» EXERCISE REQUIREMENTS
Restate, exactly as written, the entries below from the line that holds "De intuïtieve, draadloze" through the line that holds "其中C1为常数,可以在给定初". Pictures are not part of the copy.

» SOURCE MATERIAL
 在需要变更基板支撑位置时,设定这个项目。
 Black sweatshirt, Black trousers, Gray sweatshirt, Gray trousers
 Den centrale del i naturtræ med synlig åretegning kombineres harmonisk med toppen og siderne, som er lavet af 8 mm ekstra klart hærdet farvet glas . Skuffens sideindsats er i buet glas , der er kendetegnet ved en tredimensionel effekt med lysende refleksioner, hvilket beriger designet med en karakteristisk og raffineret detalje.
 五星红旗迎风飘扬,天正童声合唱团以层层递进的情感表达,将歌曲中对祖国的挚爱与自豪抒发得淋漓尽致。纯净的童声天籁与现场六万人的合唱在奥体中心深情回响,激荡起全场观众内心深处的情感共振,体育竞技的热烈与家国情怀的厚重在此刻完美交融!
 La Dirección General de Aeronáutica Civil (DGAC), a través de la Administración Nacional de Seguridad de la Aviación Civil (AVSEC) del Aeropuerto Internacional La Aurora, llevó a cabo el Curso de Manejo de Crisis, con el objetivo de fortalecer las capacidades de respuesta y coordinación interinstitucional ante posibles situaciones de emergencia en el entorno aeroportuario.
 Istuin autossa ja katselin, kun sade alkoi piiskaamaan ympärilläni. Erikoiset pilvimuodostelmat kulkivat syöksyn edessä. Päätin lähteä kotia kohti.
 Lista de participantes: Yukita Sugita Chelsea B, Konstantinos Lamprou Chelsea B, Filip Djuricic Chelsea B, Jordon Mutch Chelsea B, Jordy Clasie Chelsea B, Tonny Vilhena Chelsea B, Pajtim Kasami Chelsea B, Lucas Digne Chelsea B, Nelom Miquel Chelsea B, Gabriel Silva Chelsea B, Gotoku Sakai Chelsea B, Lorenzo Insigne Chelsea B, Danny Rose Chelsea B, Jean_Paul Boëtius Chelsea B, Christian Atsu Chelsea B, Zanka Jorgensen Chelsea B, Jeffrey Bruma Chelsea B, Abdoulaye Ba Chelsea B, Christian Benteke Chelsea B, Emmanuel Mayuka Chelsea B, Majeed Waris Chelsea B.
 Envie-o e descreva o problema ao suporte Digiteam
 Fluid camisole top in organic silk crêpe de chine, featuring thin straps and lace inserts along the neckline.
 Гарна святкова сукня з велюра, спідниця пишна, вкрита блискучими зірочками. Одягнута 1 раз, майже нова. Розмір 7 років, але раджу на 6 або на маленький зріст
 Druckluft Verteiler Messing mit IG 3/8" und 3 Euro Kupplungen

---

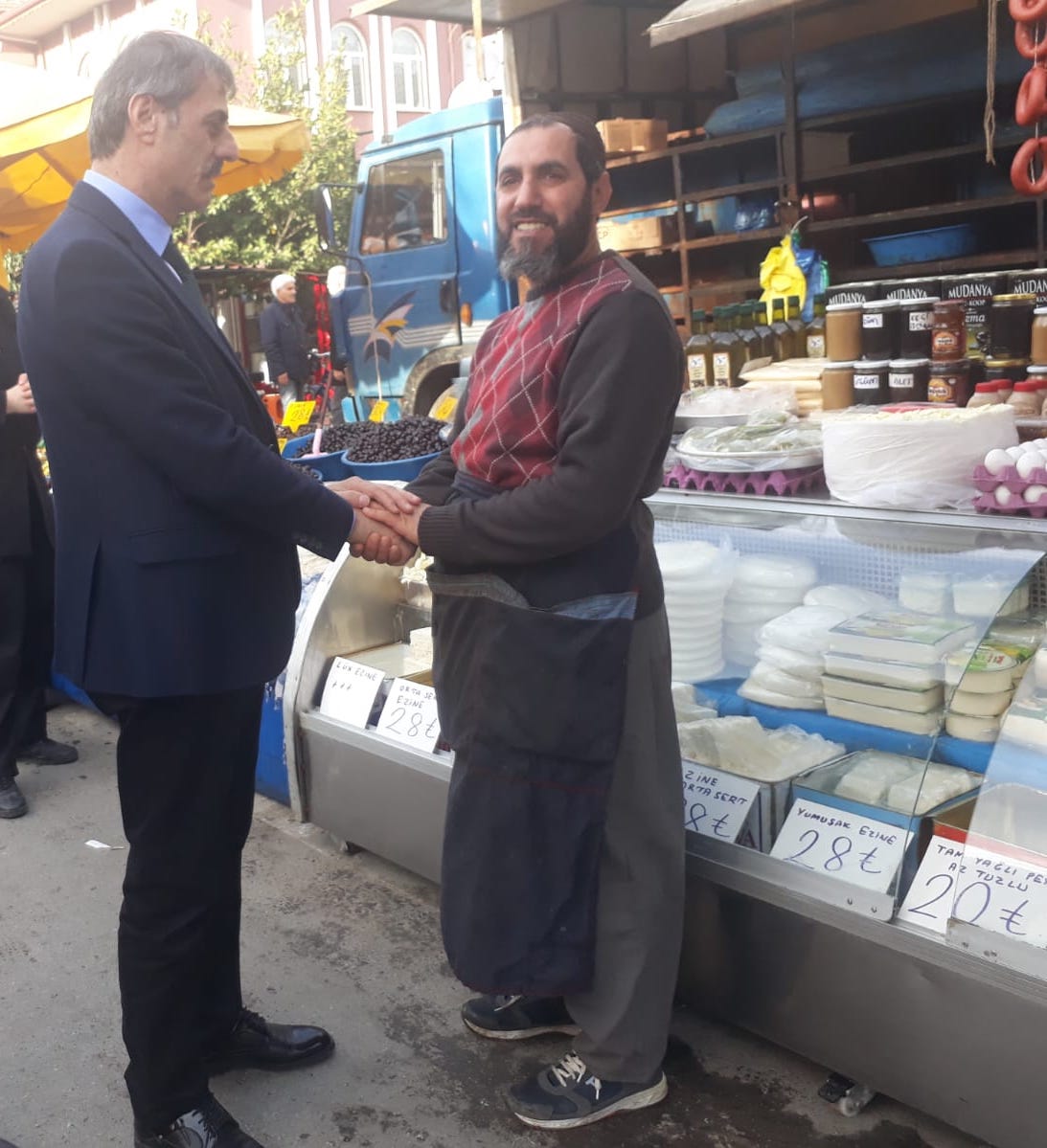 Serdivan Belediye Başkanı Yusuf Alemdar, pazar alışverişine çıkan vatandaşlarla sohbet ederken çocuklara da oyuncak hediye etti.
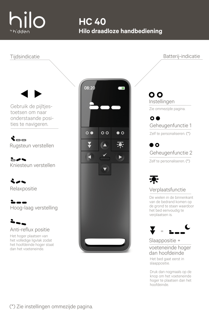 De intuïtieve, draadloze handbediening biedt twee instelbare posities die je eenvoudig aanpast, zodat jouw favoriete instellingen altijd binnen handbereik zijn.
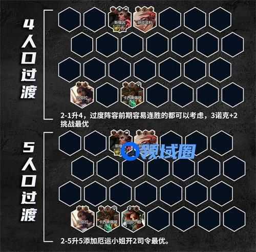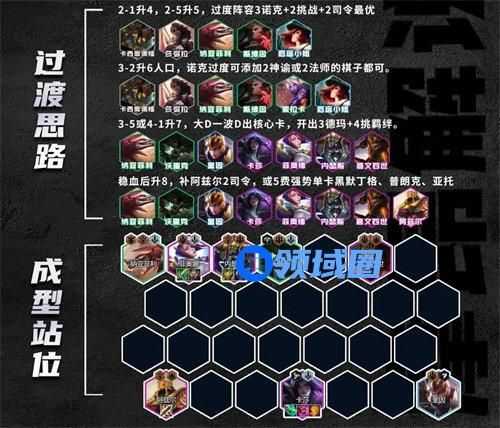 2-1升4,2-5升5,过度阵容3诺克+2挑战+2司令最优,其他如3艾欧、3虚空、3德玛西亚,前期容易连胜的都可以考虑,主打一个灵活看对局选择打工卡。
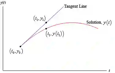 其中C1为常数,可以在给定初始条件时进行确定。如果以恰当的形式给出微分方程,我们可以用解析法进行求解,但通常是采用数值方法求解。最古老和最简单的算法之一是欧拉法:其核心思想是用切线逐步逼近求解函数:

» EXERCISE SOLUTION
 De intuïtieve, draadloze handbediening biedt twee instelbare posities die je eenvoudig aanpast, zodat jouw favoriete instellingen altijd binnen handbereik zijn.
 2-1升4,2-5升5,过度阵容3诺克+2挑战+2司令最优,其他如3艾欧、3虚空、3德玛西亚,前期容易连胜的都可以考虑,主打一个灵活看对局选择打工卡。
 其中C1为常数,可以在给定初始条件时进行确定。如果以恰当的形式给出微分方程,我们可以用解析法进行求解,但通常是采用数值方法求解。最古老和最简单的算法之一是欧拉法:其核心思想是用切线逐步逼近求解函数:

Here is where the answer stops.